Agenda item

Review of Proposals for a Unitary Structure of Local Government for Leicestershire.


The Commission considered a report setting out the findings of its examination of the County Council’s proposals for a unitary structure for local government in Leicestershire.  A copy of the report marked ‘Agenda Item 9’ is filed with these minutes.


In introducing the report, the Chairman reminded members that the report did not make any clear recommendations but set out the findings from the evidence that had been gathered and issues which the business case should address.


Arising from discussion the following points were raised:-


(i)          The Commission indicated its support for the report, which presented an objective and balanced view of the evidence that had been considered.  Whilst a consensus on the way forward had not been reached, the discussions to date had enabled members to develop a greater understanding of the outline proposals and had identified some pitfalls to avoid.


(ii)         There was a general recognition of the need for change and for a more streamlined approach to local government in Leicestershire.  However, members of the Commission would welcome greater consideration of options to share services between the County Council and District Councils.


(iii)       Some concern was expressed that the Commission had not undertaken a detailed exploration of the option of two unitary authorities for Leicestershire.  It was hoped that the business case would include more detail on the options.  A further view was expressed that the proposal for a unitary structure of local government in Leicestershire should be abandoned.


(iv)       It was noted that the Government’s criteria for unitary proposals included the need for a population substantially in excess of 300,000.  However, guidance on the upper size limit had not been issued.  It would be useful to explore issues relating to size further; a single unitary authority for Leicestershire would have a population that was more than double the lower limit in the criteria.

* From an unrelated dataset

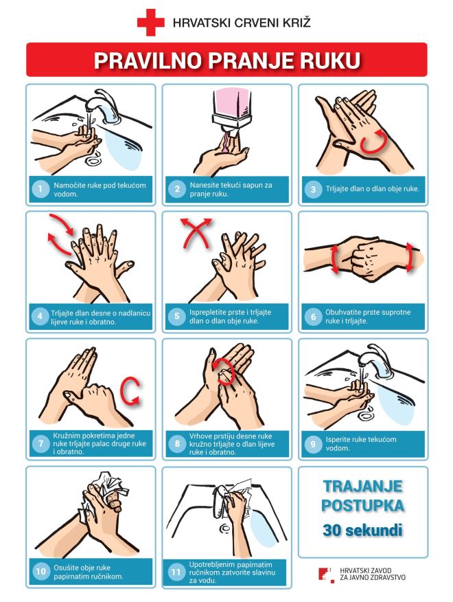 Stanje i dezinfekcija ruku ključni su za sprječavanje infekcije. Ruke treba prati često i temeljito sapunom i vodom najmanje 20 sekundi. Kada sapun i voda nisu dostupni možete koristiti dezinficijens koji sadrži najmanje 60% alkohola. Virus ulazi u tijelo kroz oči, nos i usta. Stoga ih nemojte dirati neopranim rukama.

(v)        It was reported that staff in district councils were feeling unsettled by the proposals and a member suggested that a clear message should be sent to them regarding the process and how staffing issues would be addressed if the proposals progressed.


(vi)       It was noted that the County Council’s financial situation remained challenging and that there was still no clarity around the outcome of the national fairer funding review.  Some members could see logic behind the concept of a single tier of local government for Leicestershire but felt that the economic and local factors, including why some councils had abandoned unitary proposals, had not been sufficiently investigated.


(vii)     A member suggested that the financial case for change should include a greater level of detail than had been presented to date.  Comparisons made with the level of savings that existing unitary authorities had achieved should also be put in the context of the savings that the County Council had already achieved through austerity.


(viii)    Some concern was expressed that the ‘transition then transformation’ approach did not give a clear picture of what the future organisation would ultimately be like and that this resulted in prolonged uncertainty for staff.


(ix)       If a new unitary authority was created for Leicestershire, it would need a culture that enabled it to engage with communities in a meaningful way.


(x)        Some members emphasised the importance of being open-minded and of concentrating on what would best deliver services for the people of Leicestershire.  It was recognised that the national direction of travel was to move towards a unitary structure for local government and that the local focus ought not to be on preserving structures.




That the report and comments now made be submitted to the Cabinet for consideration at its meeting on 29 March 2019.